### WORK REQUEST
Repeat the entire listing exactly. Omit all pictures.

### INFORMATION SUPPLIED
»»
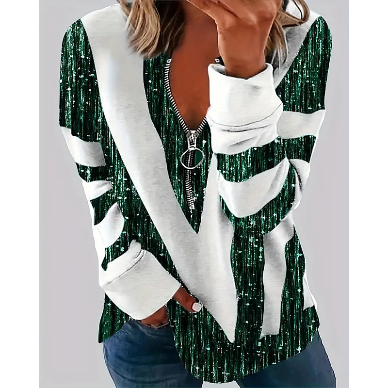 Women's Blouse Dressy Tops Solid Color Graphic Striped Ladies Stylish Classic Long Sleeve Polo Collar Regular Tops Work Daily Going out Zipper Black And White Black White Blue Green Fall Winter
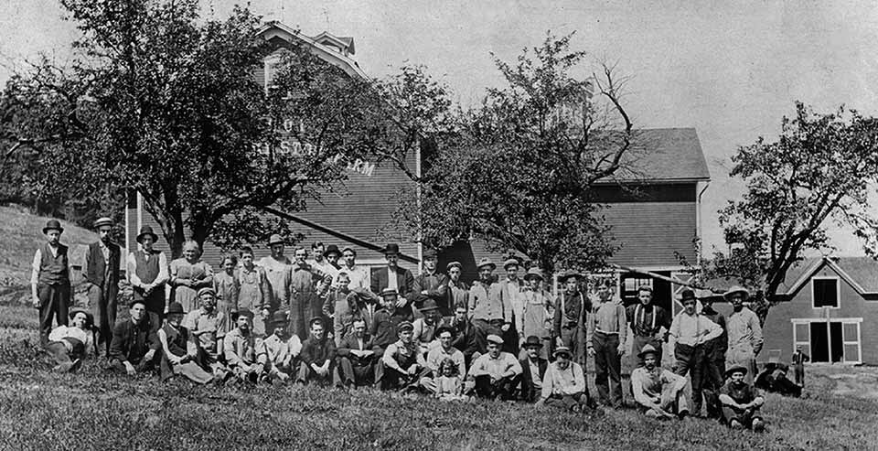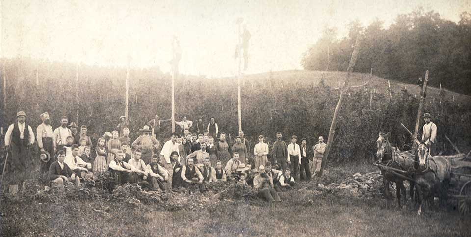 Hop pickers, posed before the main barns of Hillside Stock Farm, built in 1901.
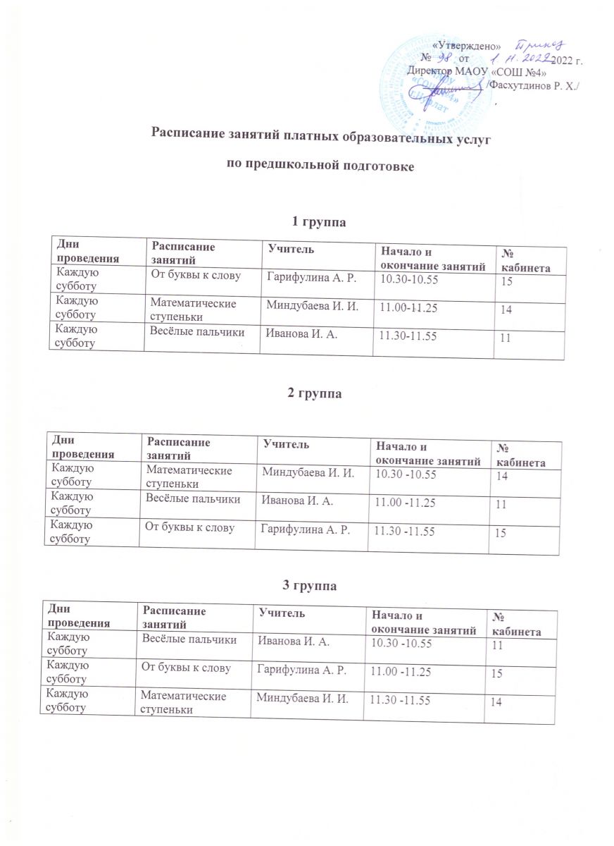 Расписание занятий платных образовательных услуг по предшкольной подготовке
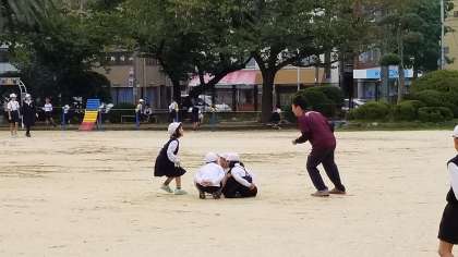 先生とハンカチ落としをしているのかな?
««
### WRITTEN ANSWER
 Women's Blouse Dressy Tops Solid Color Graphic Striped Ladies Stylish Classic Long Sleeve Polo Collar Regular Tops Work Daily Going out Zipper Black And White Black White Blue Green Fall Winter
 Hop pickers, posed before the main barns of Hillside Stock Farm, built in 1901.
 Расписание занятий платных образовательных услуг по предшкольной подготовке
 先生とハンカチ落としをしているのかな?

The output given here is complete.